Smart technology is already available for homes in a wide array of forms. And analysts predict that the number of smart, connected devices will continue to grow at a fast rate in the coming years. For example, estimates from Gartner show that 2016 will see about 1.5 billion more smart things installed compared to 2015.
However, reports from researchers showcasing inherent security risks in such gadgets continue to pour in. Whether it’s a light bulb, an alarm system, a thermostat, a printer, a window shade, a doorbell or a door lock, judging from the recent news, it is likely that they can fall under the control of someone else than their owner.
In March, for example, we wrote about Matthew Garrett, a security researcher who managed to hack into the lighting system of a hotel that had replaced the classic light switches with digital controls. By the time he was done poking around, Garrett could turn on or off the lights in every room.
Garrett’s investigation was spur of the moment, and just for fun. But IoT devices can lead to greater risks than impossibility to control the lights. Online access to a poorly protected management panel for a home security system could translate into a home invasion incident; a hacked thermostat could deprive the house of heating in the cold days.
The security company Bitdefender has been delving into IoT and has published a new case study on four common IoT platforms. Among its conclusions: authentication features for such devices are inadequate. That means an intruder in close proximity of the wireless connection would not have to put in too much of an effort to compromise the home’s WiFi network. Once in, they could wreak havoc by taking control of the router and all devices behind it.
The list of tested gadgets included Belkin’s WeMo switch (disrupts/enables power to any device connected to it), a Lifx Bulb (smart LED with built-in WiFi), a GELink hub (allows lighting automation and operating bulbs individually or in groups), and Muzo Cobblestone WiFi audio receiver.
The researchers at Bitdefender needed about a month of testing to discover and exploit vulnerable protocols, design flaws, insecure data communication and unprotected hotspots, which ultimately gave them the keys to the WiFi kingdom, said a company representative via email. All of the smart devices studied are managed via a corresponding mobile application – a common characteristic of smart home devices.
Some of the problems identified were in areas that have been singled out before. Among them: insecure protocols. Bitdefender Labs researchers found that the UPnP compatible WeMo switch communicates with its smartphone application without authentication. When the hotspot is configured, everything is transmitted in plain text except for the password.
However, the passwords is weakly encrypted with a 128-bit AES algorithm, while the Wi-Fi password is encrypted with a key AES derived from the MAC address and the device ID. Since the device ID and MAC address are transmitted prior to the encrypted password, researchers had all the elements needed to decrypt the password.
“Sending data in clear text is a rookie mistake. However, while today’s encryption protocols are robust, they require high computing platforms, a resource that may not exist in all IoT-attached devices. But this is in no way an excuse to avoid encryption,” the report says.
Also: the WeMo switch and GELink hub initially connect to a hotspot that doesn’t require authentication. This allowed the security researchers to create a fake hotspot for the mobile app to connect to and intercept the communication.
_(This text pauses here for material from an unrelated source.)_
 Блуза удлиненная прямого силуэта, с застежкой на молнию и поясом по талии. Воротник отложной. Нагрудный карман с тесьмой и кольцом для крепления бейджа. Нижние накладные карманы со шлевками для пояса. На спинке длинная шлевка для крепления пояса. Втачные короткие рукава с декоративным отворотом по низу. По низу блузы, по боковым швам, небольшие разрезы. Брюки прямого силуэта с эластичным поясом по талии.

From the four gadgets evaluated, the Lifx Bulb seems to be the toughest to crack because it relies on built-in WiFi capability for manipulation, and the vulnerable hotspot is available only in the initial configuration stage. Once the credentials for the WiFi network are received, Lifx bulb terminates the hotspot.
The researchers found a way into the wireless network, though. They found that by cutting the power to the device repeatedly at a frequency of one or two seconds, Lifx bulb’s configuration is reset and the user has to re-register the smart LED. Once again, experts reached their goal by impersonating the bulb’s hotspot.
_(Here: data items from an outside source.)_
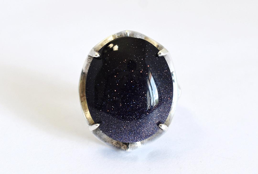Modernist 90 S Sterling Blue Goldstone Size 7 Abstract Swoops Ring Big Edgy 925 Silver Sandstone Bling Solitaire From Betsey S Beauties Of Miami Fl Attic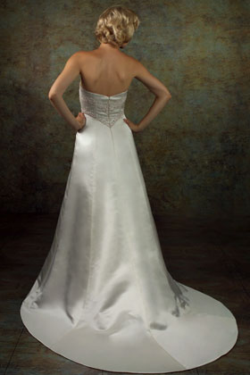 Ivory matte satin A-line wedding dress with chapel train. Looks like separates but is a one piece dress. Optional shoestring straps and a wrap come with the dress. Boned bodice and netted underskirts. Fastens with a zip. Delicate beaded embroidery which includes some maroon coloured beads.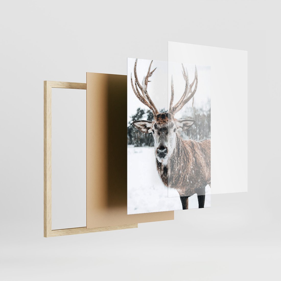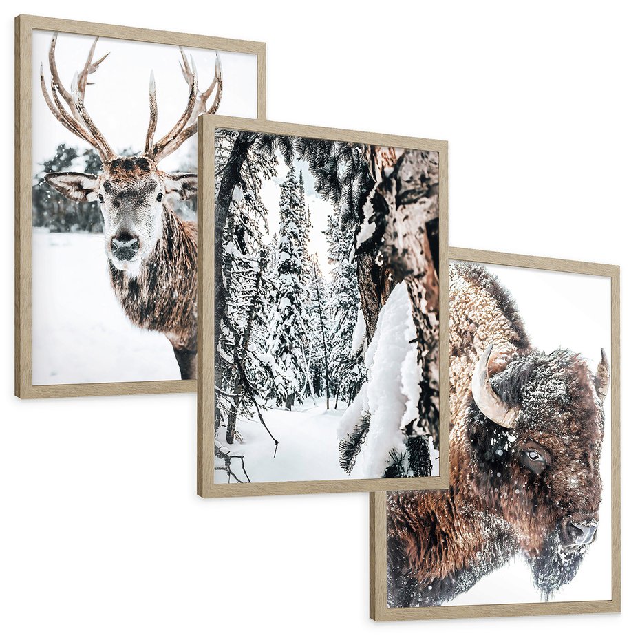 Zestaw obrazy w ramie, plakaty - zwierzęta, zima, śnieg - rama drewno

Users streaming music with the help of Muzo Cobblestone audio receiver also run the risk of getting their home network compromised since setting up the device starts an unencrypted hotspot that remains active. It can be protected with a password, Bitdefender says, but this is not explicitly advertised to the user.
Additionally, the receiver includes a Telnet service for remote administration. “Our researchers tried basic password brute-forcing and observed that the initial credentials of the service were admin/ admin. Since the device is connected both to its hotspot and to the home Wi-Fi, it’s fairly easy to find and grab the files where Wi-Fi credentials are stored,” reads the paper.
According to the security company, out of the four devices, only in the case of Muzo Cobblestone some risks were mitigated (the hotspot no longer stays active, but the telnet service is still present for remote control), while the status of the others remained unchanged.
Despite consumers rapidly adopting IoT, the comfort they bring should not be placed above security features. Currently, it is the other way around.
Hopefully, pressure from the security community along with customers demanding safer devices will force manufacturers to implement safer ways to deliver IoT benefits in the near future.